3 December 2010

Towards an ethical music downloading?


In expressing your opinion about digital piracy (in reaction to my post of last week), many of you suggested that the copyright industries should find alternative and creative ways to distribute their content in order to better compete with end-user piracy. Here is a sample of your comments:

“Companies should find an alternative like for example propose a rental for customers to download music and films for a certain period.” (Mehdi Charef)

“what could be tried to be created is a sort of differentiation between the kind of product that is available for a cost and that is available for free.” (Preeti Kaushik)

“One way to combat this can be to include revenue generating mechanisms in file sharing sites themselves like inserting advertisements amongst the files or on the site(which can provide revenue on a per hit basis)” (Avinash Anil Pandit)

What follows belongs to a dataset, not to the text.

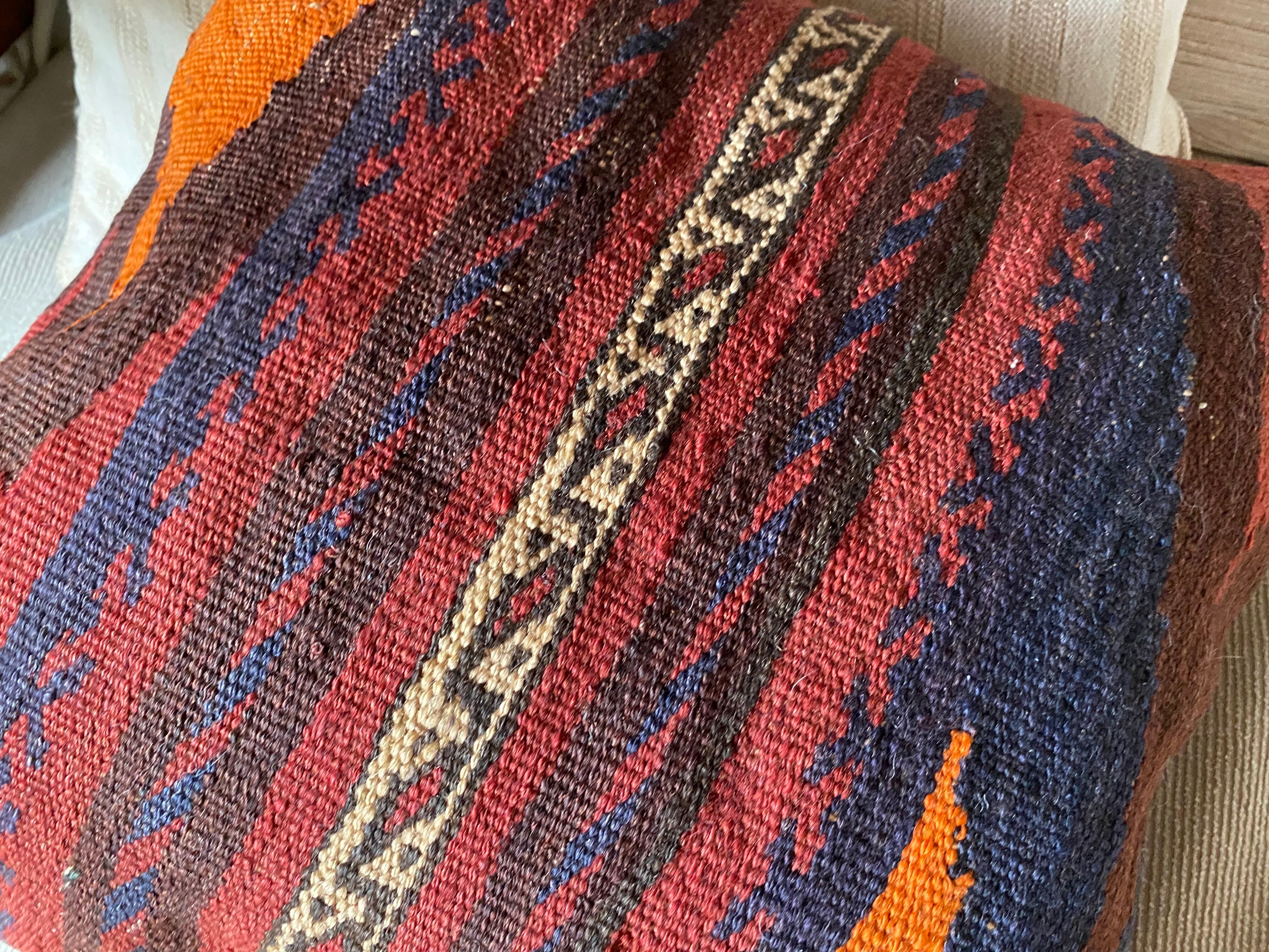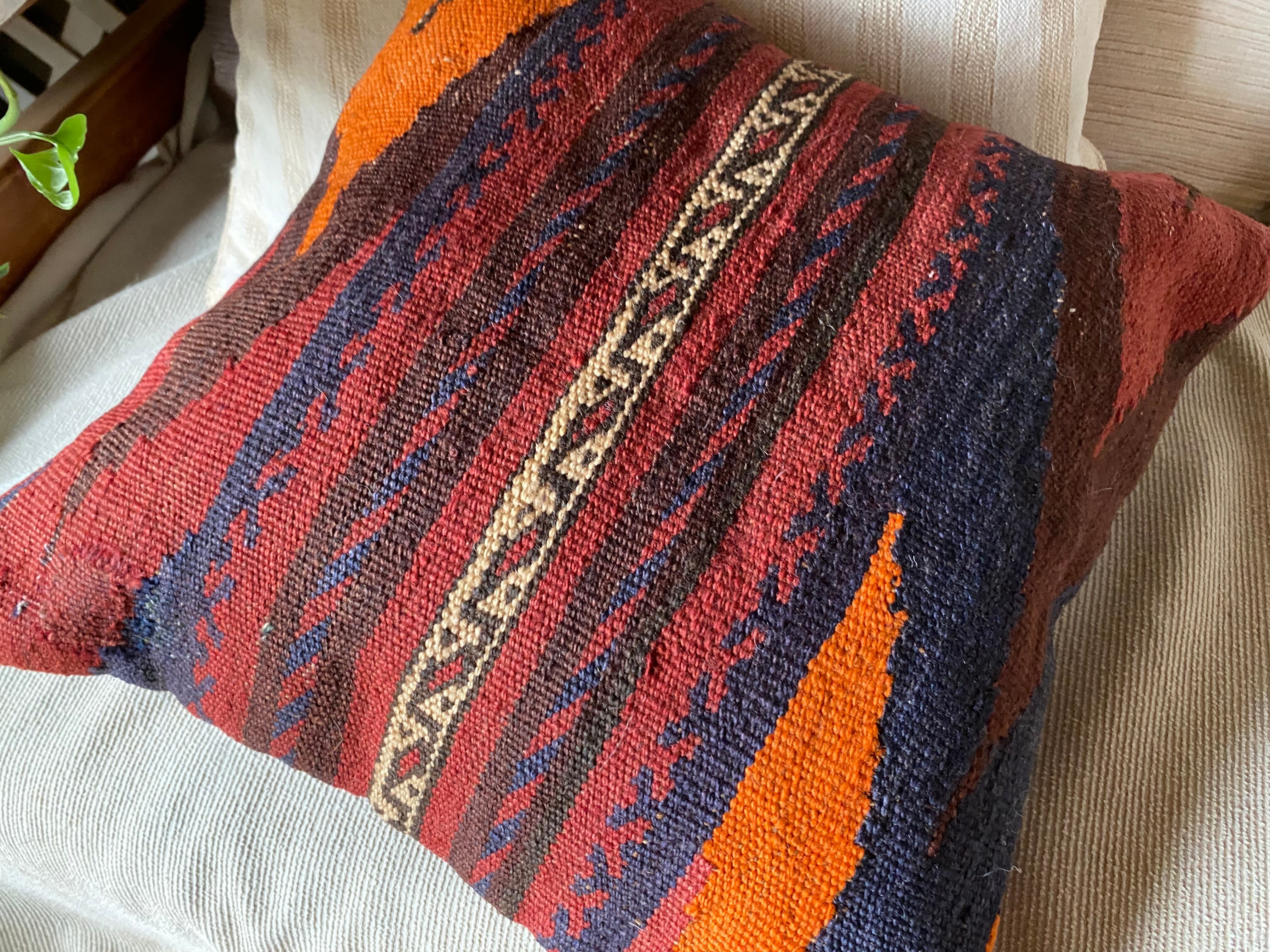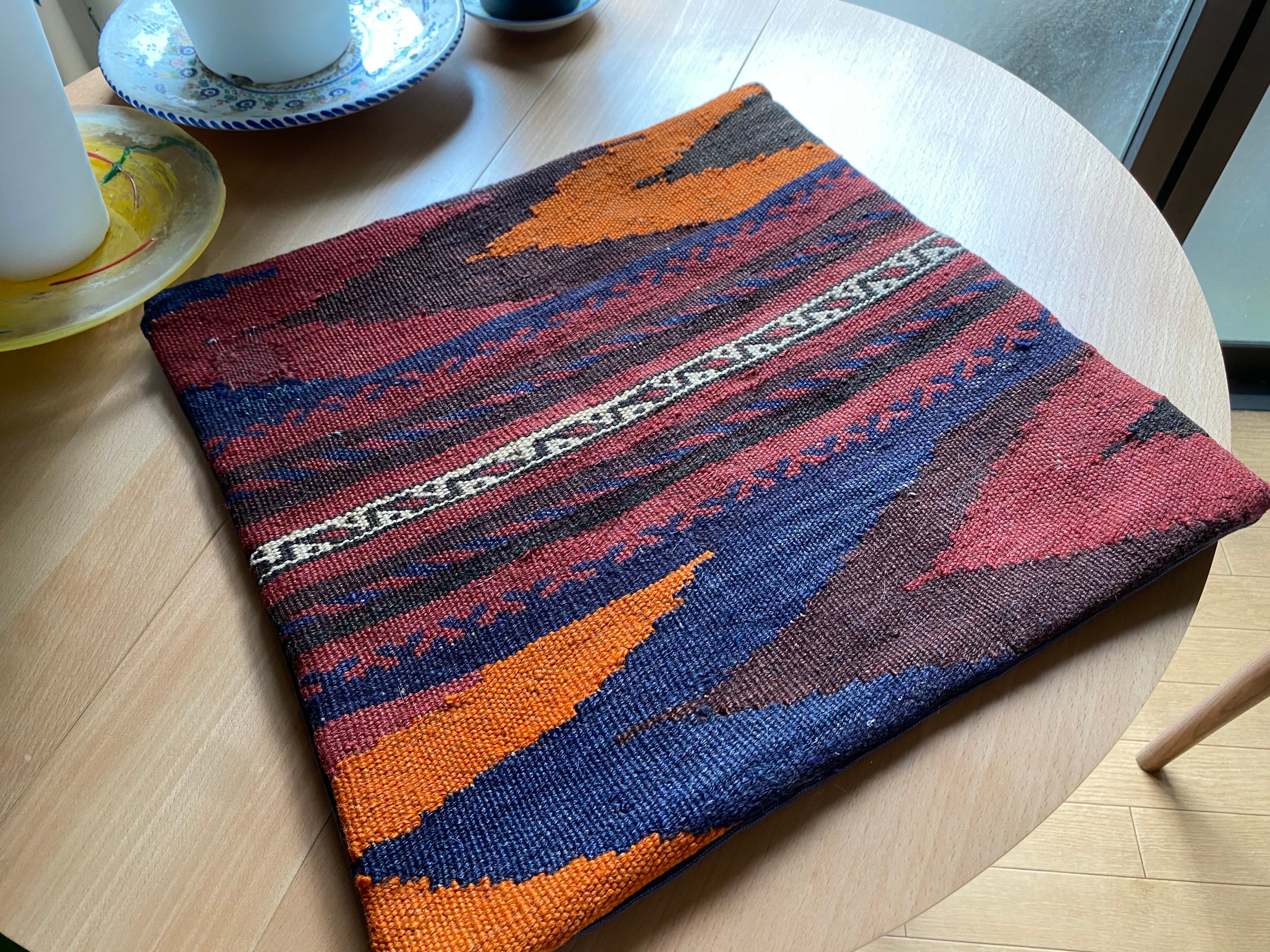 オールドキリム~アンティークキリムから作ったカバーには多少の色染みや、修理跡のあるもの、セミアンティークなどは縦糸 が見えているものもございます。

“There are also other solutions to listen to music for free : some platform (like Spotify, Deezer, …) propose to listen to music for free, it is not illegal because they pay the royalties with ads on their website or between 2 songs” (Tung Le Van Thanh)

“A solution to reduce illegal downloads could be e.g. allowing customers to download free and legal a certain amount of maybe 2 songs a month from the site of a music company. Or one can try how it works if the costumers themselves can decide which price they are willing to pay for a song.” (René Petilliot)

“Considering that it is difficult to combat piracy in this field, it should be interesting to find other ways of bypassing this problem. For example, to offer digital goods at price floor or to offer a customer service in order to make pirated products less interesting.” (Mathieu Zen)

“The entertainment industry has to provide less expensive alternatives for CD’s, DVD’s and video games and provide them in a digital format.” (Thomas Boriale)

“A solution might be to enable online sharing while earning revenue from hits and advertisements. This would give consumers their music and the producers their revenue.” (Saagar Sinha)

“I would firstly suggest to find a way trough which artists could join their efforts and create online platforms enabling consumers to download plenty of materials as they pay a global subscription fee (kind of royalty) to get the access.” (Sophie Cambron)

“[Movie/music producers] should explore the possibility to provide customers with different ways to buy music and films. Legal downloads are interesting and if it is easy enough to use, it might be able to compete with piracy.” (Lars Kronberg)

You might then be interested in discovering (if you don’t know it already) the new music download website www.Fairsharemusic.com, which proposes to tackle music piracy while helping charities by launching what the founders have described as “ethical music downloading“.

I am curious to know what you think of this initiative.